(WHAT TO PRODUCE)
The listing below must be repeated word for word, without its pictures.

(THE RECORDS)
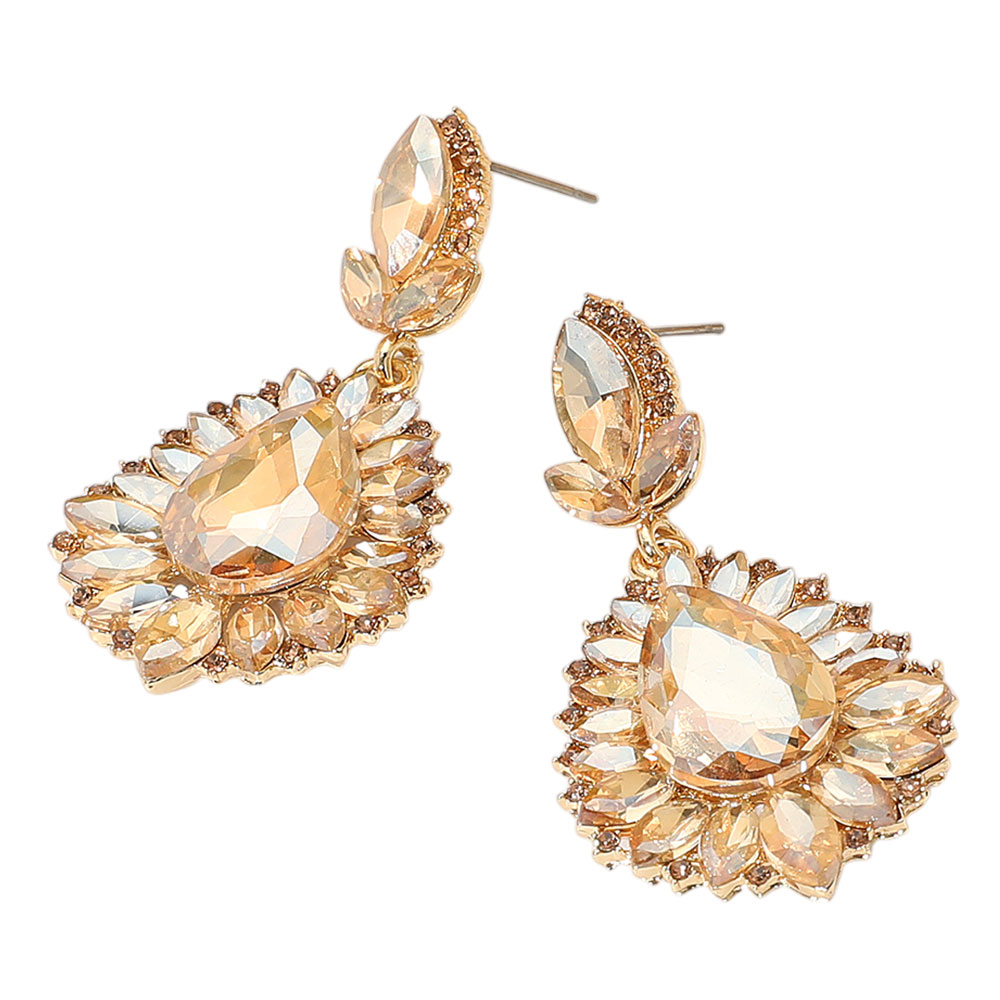 Teardrop Accented Marquise Stone Trimmed Dangle Evening Earrings
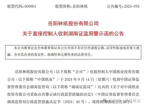 岳陽林紙9月18日公告,公司直接控制人中國紙業投資有限公司(以下簡稱“中國紙業”)于9月14日收到湖南證監局出具的《關于對中國紙業投資有限公司采取出具警示函行政監管措施的決定》。 中國紙業作為公司的直接控股股東,在公司非公開發行股票購買誠通凱勝生態建設有限公司(以下簡稱“誠通凱勝”)資產期間,要求誠通凱勝原股東出具后續增資誠通凱勝的承諾函,之后又協商將增資對象調整為其他公司,中國紙業未將上述事項告知公司予以披露。 上述行為違反了規定。根據規定,湖南證監局決定對中國紙業采取出具警示函的行政監管措施,并記入證券期貨市場誠信檔案。
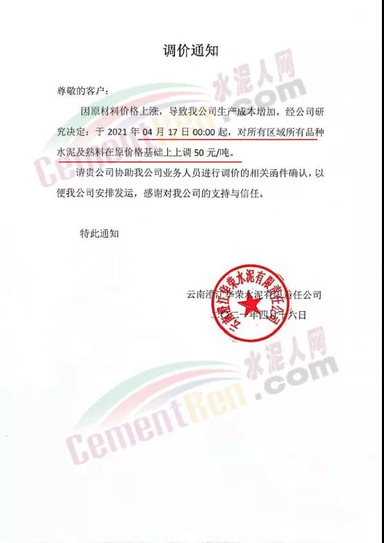云南澄江华荣水泥有限责任公司通知,因原材料价格上涨,导致公司生产成本增加,经公司研究决定自4月17日0时起,对所有区域所有品种水泥及熟料在原价格基础上上调50元/吨。
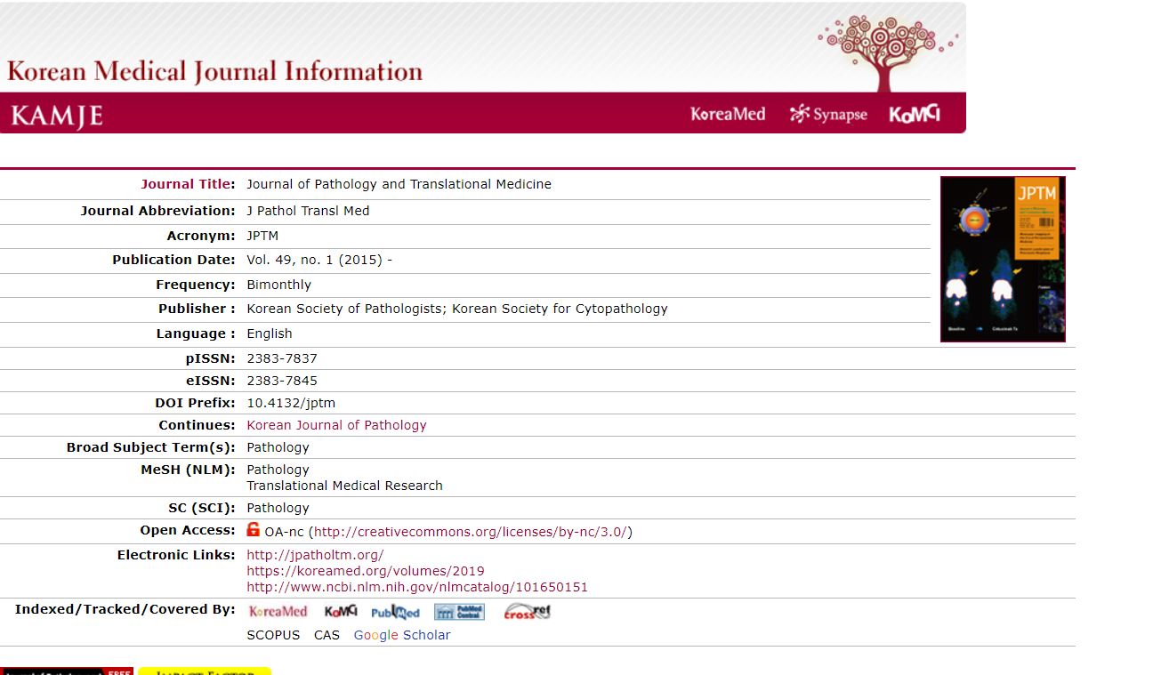 대한 병리학회도 그 속은 비슷할 것이다. 뭔가 국제적 학술지를 내고 싶어 야심찬 시작을 했을 것이다. SCIE(Science Citation Index Expanded)에 등록도 하고 뭔가 국제적 저널로 자리매김하기 위해 애를 쓴 흔적이 보인다.
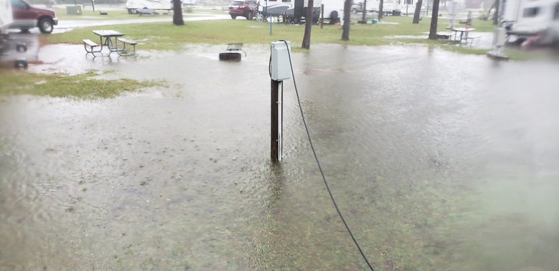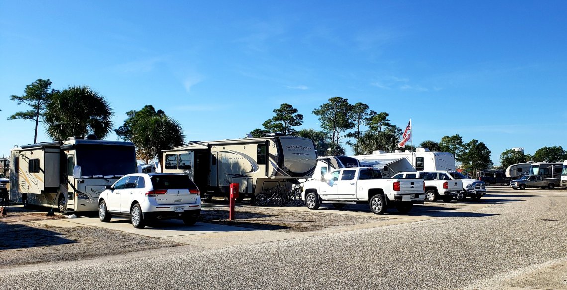 We are staying at the Luxury RV Park off of 59 only a few minutes from the beach. It is a very nice park with all the amenities. Full hookups, cement pads and patios, Cable TV, showers and restrooms, an activity building, pool and a dog walk.
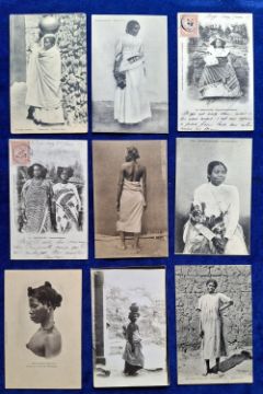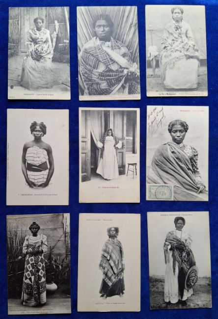 Postcards, Madagascar, 40 cards all ethnic types, 13 males and 27 female studies, mostly identified by region (fair/gd)
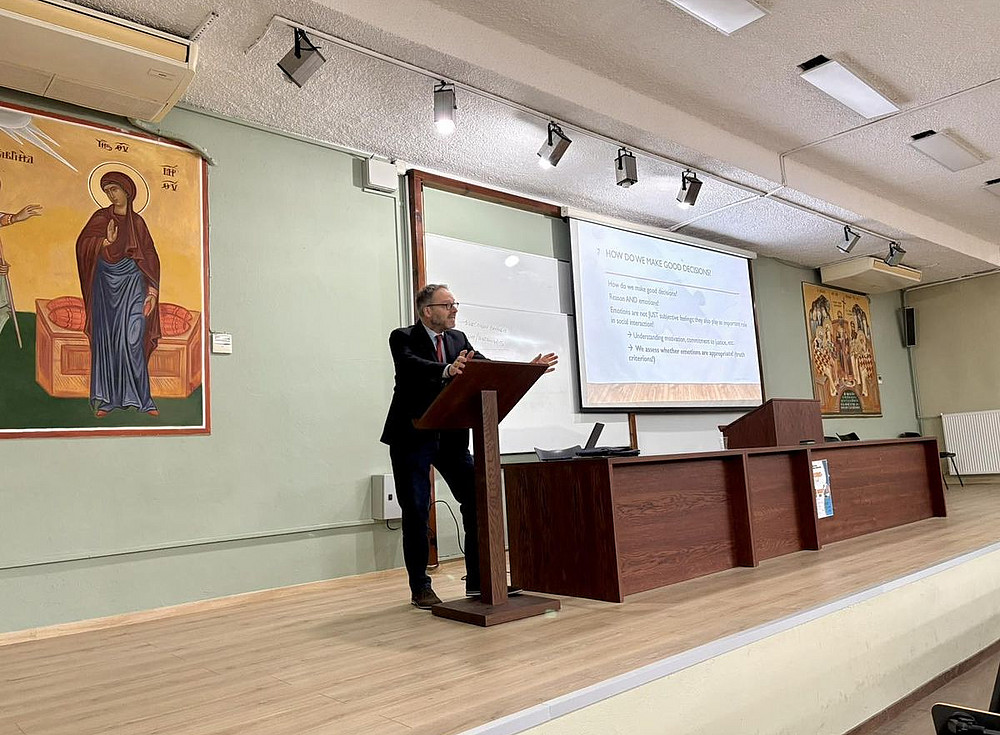 Vom 15.03.-19.03.2026 fand an der (orthodox-) theologischen Fakultät der Universität Thessaloniki / Griechenland die ERASMUS WEEK 26 statt, auf der Prof. Lutz im Rahmen eines ERASMUS-Lehraustausches mit mehreren Vorträgen und Diskussionsrunden aktiv beteiligt war und viele neue Forschungs- und Kooperationspartner aus Ost-, Mittel und Südeuropa kennenlernen durfte. Es laufen bereits Planungen für weitergehende Kooperationen und Austauschformate auf dem Feld der Theologischen Ethik.
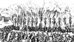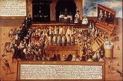 The auto-da-fé involved a Catholic Mass, prayer, a public procession of those found guilty, and a reading of their sentences.[127] They took place in public squares or esplanades and lasted several hours; ecclesiastical and civil authorities attended. Artistic representations of the auto-da-fé usually depict torture and the burning at the stake. This type of activity never took place during an auto-da-fé, which was in essence a religious act. Torture was not administered after a trial concluded, and executions were always held after and separate from the auto-da-fé,[128] though in the minds and experiences of observers and those undergoing the confession and execution, the separation of the two might be experienced as merely a technicality.
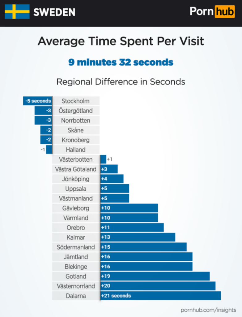 De har också – beroende på var man bor – kunnat ta fram en genomsnittlig besökslängd. Exempelvis är de totalt värdelösa i Stockholm och ligger 5 sekunder under snittet, medan de är helt galna och skogstokiga i Dalarna, som ligger på 21 sekunder över snittet!
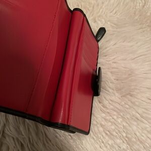Authentic Prada Milano black leather wallet with gold logo and beautiful red interior. Lightly used and in excellent condition with minimal wear. Clean interior, no tears or damage. Classic, timeless design with multiple card slots and zip compartment. Includes Prada dust bag for storage.
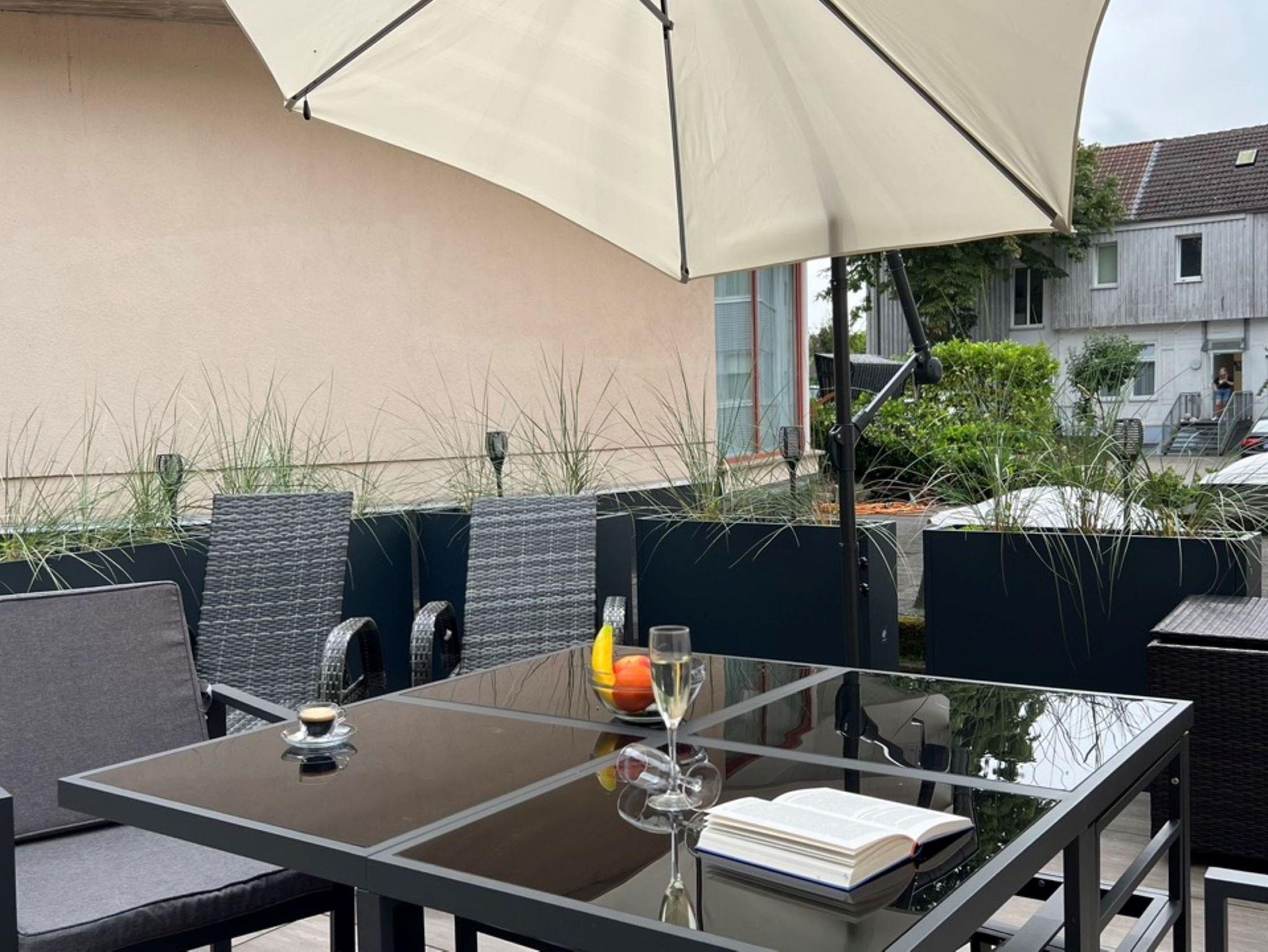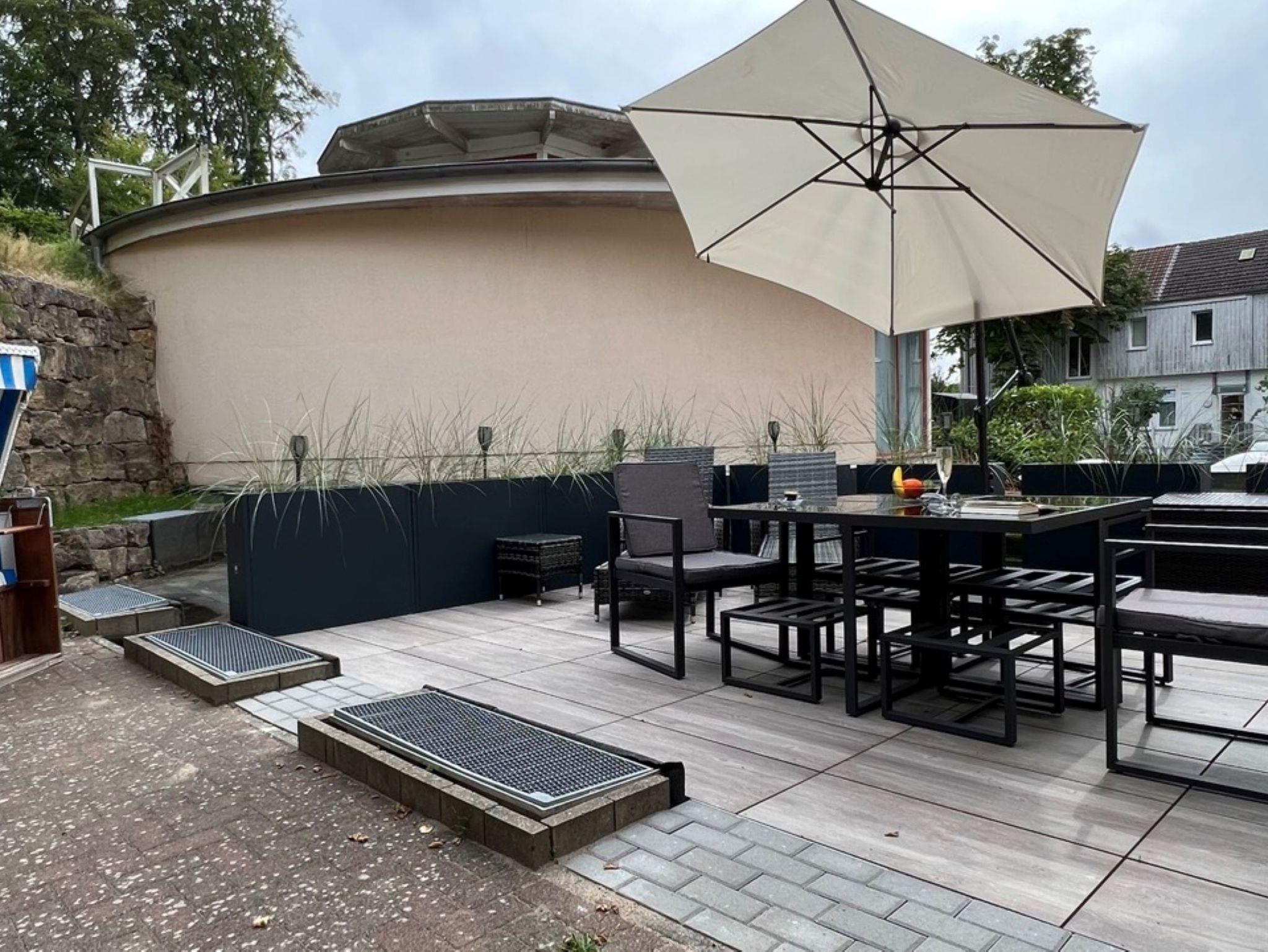 Moderne Ferienwohnung mit Terrasse, Sauna und Strandkorb im Ostseebad Sellin, ideal für Familien und Haustiere.
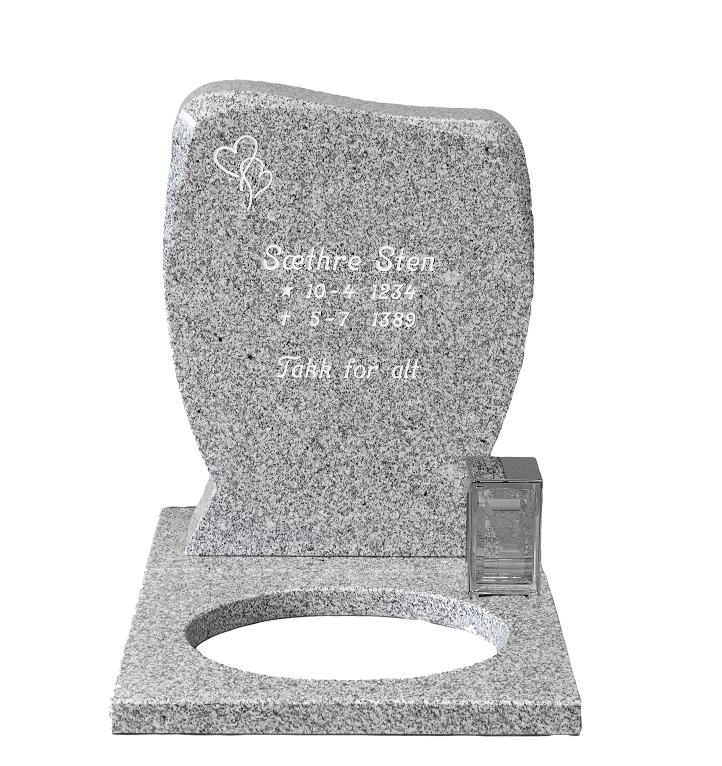 Innskripsjon, dekor, bedplate o.l. kommer i tillegg
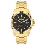Descrição do Produto: Caixa de Aço InoxidávelPulseira de Aço InoxidávelFundo de Pressão em AçoResistente à Água 5 ATMDiâmetro / Largura da Caixa: 44.00 MMFunções: Analógico, CalendárioVidro: Cristal MineralAro Fixo Dourado com números (indicadores dos minutos)Alimentação do maquinário BateriaMostrador PretoMaquinário JaponêsGarantia de 1 Ano
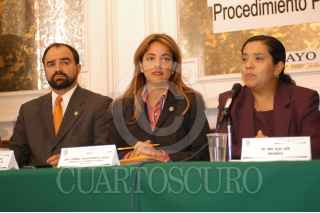 México, D.F. 17 MAYO 2004.- Emilio Álvarez Icaza, presidente de la Comisión de Derechos Humanos del DF, Lorena Villavicencio, presidenta de la comisión de Gobierno de la ALDF, e Irma Islas Leónla presidenta de la Comisión de Seguridad Pública durante la instalación de la mesa de Análisis y Discusión para la Reforma Integral de Procedimientos Penales. FOTO: /CUARTOSCURO.COM

(WRITTEN REPLY)
 Teardrop Accented Marquise Stone Trimmed Dangle Evening Earrings
 岳陽林紙9月18日公告,公司直接控制人中國紙業投資有限公司(以下簡稱“中國紙業”)于9月14日收到湖南證監局出具的《關于對中國紙業投資有限公司采取出具警示函行政監管措施的決定》。 中國紙業作為公司的直接控股股東,在公司非公開發行股票購買誠通凱勝生態建設有限公司(以下簡稱“誠通凱勝”)資產期間,要求誠通凱勝原股東出具后續增資誠通凱勝的承諾函,之后又協商將增資對象調整為其他公司,中國紙業未將上述事項告知公司予以披露。 上述行為違反了規定。根據規定,湖南證監局決定對中國紙業采取出具警示函的行政監管措施,并記入證券期貨市場誠信檔案。
云南澄江华荣水泥有限责任公司通知,因原材料价格上涨,导致公司生产成本增加,经公司研究决定自4月17日0时起,对所有区域所有品种水泥及熟料在原价格基础上上调50元/吨。
 대한 병리학회도 그 속은 비슷할 것이다. 뭔가 국제적 학술지를 내고 싶어 야심찬 시작을 했을 것이다. SCIE(Science Citation Index Expanded)에 등록도 하고 뭔가 국제적 저널로 자리매김하기 위해 애를 쓴 흔적이 보인다.
 We are staying at the Luxury RV Park off of 59 only a few minutes from the beach. It is a very nice park with all the amenities. Full hookups, cement pads and patios, Cable TV, showers and restrooms, an activity building, pool and a dog walk.
 Postcards, Madagascar, 40 cards all ethnic types, 13 males and 27 female studies, mostly identified by region (fair/gd)
 Vom 15.03.-19.03.2026 fand an der (orthodox-) theologischen Fakultät der Universität Thessaloniki / Griechenland die ERASMUS WEEK 26 statt, auf der Prof. Lutz im Rahmen eines ERASMUS-Lehraustausches mit mehreren Vorträgen und Diskussionsrunden aktiv beteiligt war und viele neue Forschungs- und Kooperationspartner aus Ost-, Mittel und Südeuropa kennenlernen durfte. Es laufen bereits Planungen für weitergehende Kooperationen und Austauschformate auf dem Feld der Theologischen Ethik.
 The auto-da-fé involved a Catholic Mass, prayer, a public procession of those found guilty, and a reading of their sentences.[127] They took place in public squares or esplanades and lasted several hours; ecclesiastical and civil authorities attended. Artistic representations of the auto-da-fé usually depict torture and the burning at the stake. This type of activity never took place during an auto-da-fé, which was in essence a religious act. Torture was not administered after a trial concluded, and executions were always held after and separate from the auto-da-fé,[128] though in the minds and experiences of observers and those undergoing the confession and execution, the separation of the two might be experienced as merely a technicality.
 De har också – beroende på var man bor – kunnat ta fram en genomsnittlig besökslängd. Exempelvis är de totalt värdelösa i Stockholm och ligger 5 sekunder under snittet, medan de är helt galna och skogstokiga i Dalarna, som ligger på 21 sekunder över snittet!
Authentic Prada Milano black leather wallet with gold logo and beautiful red interior. Lightly used and in excellent condition with minimal wear. Clean interior, no tears or damage. Classic, timeless design with multiple card slots and zip compartment. Includes Prada dust bag for storage.
 Moderne Ferienwohnung mit Terrasse, Sauna und Strandkorb im Ostseebad Sellin, ideal für Familien und Haustiere.
 Innskripsjon, dekor, bedplate o.l. kommer i tillegg
Descrição do Produto: Caixa de Aço InoxidávelPulseira de Aço InoxidávelFundo de Pressão em AçoResistente à Água 5 ATMDiâmetro / Largura da Caixa: 44.00 MMFunções: Analógico, CalendárioVidro: Cristal MineralAro Fixo Dourado com números (indicadores dos minutos)Alimentação do maquinário BateriaMostrador PretoMaquinário JaponêsGarantia de 1 Ano
 México, D.F. 17 MAYO 2004.- Emilio Álvarez Icaza, presidente de la Comisión de Derechos Humanos del DF, Lorena Villavicencio, presidenta de la comisión de Gobierno de la ALDF, e Irma Islas Leónla presidenta de la Comisión de Seguridad Pública durante la instalación de la mesa de Análisis y Discusión para la Reforma Integral de Procedimientos Penales. FOTO: /CUARTOSCURO.COM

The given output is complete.